Exercise objective: Set down all of the data exactly. Pictures stay out of the copy.

Recorded information:
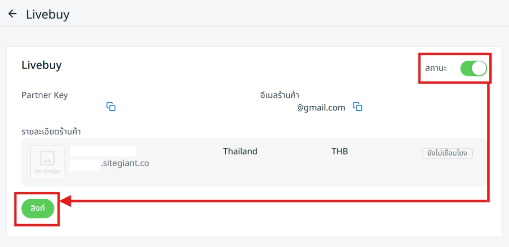 2. การตั้งค่าเชื่อมต่อ Livebuy
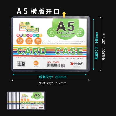 巨欣 JX-805 裝得快A5硬膠套PVC透明硬卡套保護(hù)套文件套 橫口
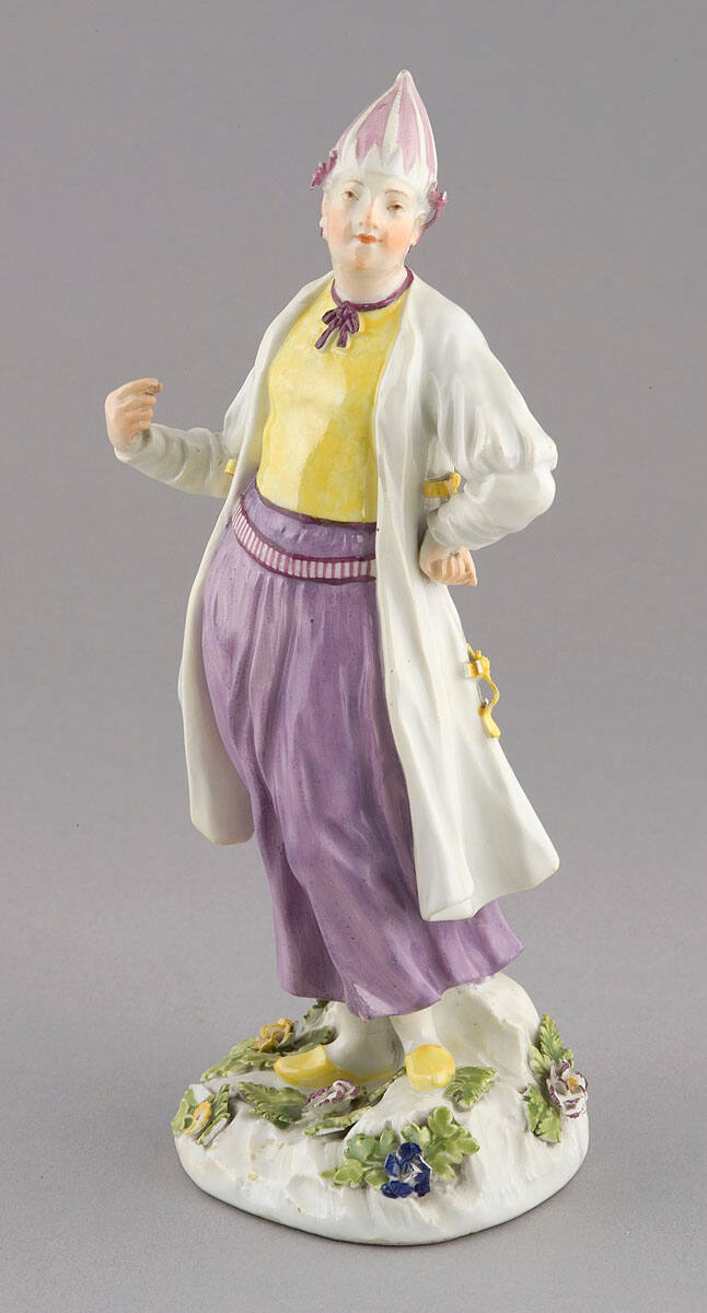 DescriptionOn base with flowers in relief, standing figure wearing lavender trousers, white coat with yellow ties, yellow blouse with purple tie, pointed white turban with purple stripes, purple earrings, yellow, pointed shoes; left hand on hip, head turned l., right hand pointed toward face, right arm bent at elbow. Crossed swords mark.
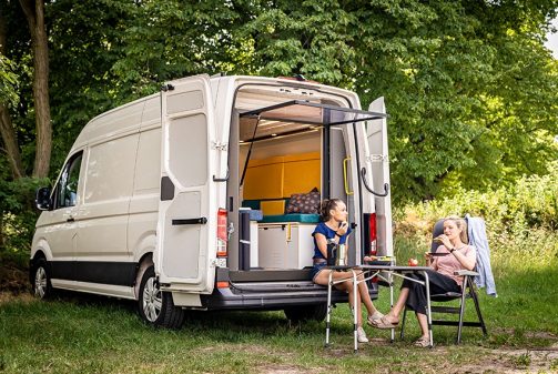 Spécialiste outre-Rhin dans l'aménagement de vans et de fourgons destinés aux loisirs, l'entreprise berlinoise PlugVan a développé une extension capable de doubler l'espace intérieur en quelques manipulations. Elle se présente sous la forme d'un caisson de 2,09 m de long, 1,28 m de large et 1,70 m de haut (dimensions adaptables en fonction du véhicule choisi). Emboîté par l'arrière dans le fourgon, quand ce dernier circule, il est ainsi possible de profiter des deux banquettes placées en face à face et séparées par une table centrale. A l'étape, ce module s'extrait facilement à la main grâce à un astucieux système de rails fixés au plancher et ne nécessitant pas plus de transformations. Sa mise en place ne prend que cinq minutes, le temps de l'extraire puis de déplier les deux pieds de soutien (avec une manivelle). L'opération peut être effectuée par une seule personne.

Solved problem:
 2. การตั้งค่าเชื่อมต่อ Livebuy
 巨欣 JX-805 裝得快A5硬膠套PVC透明硬卡套保護(hù)套文件套 橫口
 DescriptionOn base with flowers in relief, standing figure wearing lavender trousers, white coat with yellow ties, yellow blouse with purple tie, pointed white turban with purple stripes, purple earrings, yellow, pointed shoes; left hand on hip, head turned l., right hand pointed toward face, right arm bent at elbow. Crossed swords mark.
 Spécialiste outre-Rhin dans l'aménagement de vans et de fourgons destinés aux loisirs, l'entreprise berlinoise PlugVan a développé une extension capable de doubler l'espace intérieur en quelques manipulations. Elle se présente sous la forme d'un caisson de 2,09 m de long, 1,28 m de large et 1,70 m de haut (dimensions adaptables en fonction du véhicule choisi). Emboîté par l'arrière dans le fourgon, quand ce dernier circule, il est ainsi possible de profiter des deux banquettes placées en face à face et séparées par une table centrale. A l'étape, ce module s'extrait facilement à la main grâce à un astucieux système de rails fixés au plancher et ne nécessitant pas plus de transformations. Sa mise en place ne prend que cinq minutes, le temps de l'extraire puis de déplier les deux pieds de soutien (avec une manivelle). L'opération peut être effectuée par une seule personne.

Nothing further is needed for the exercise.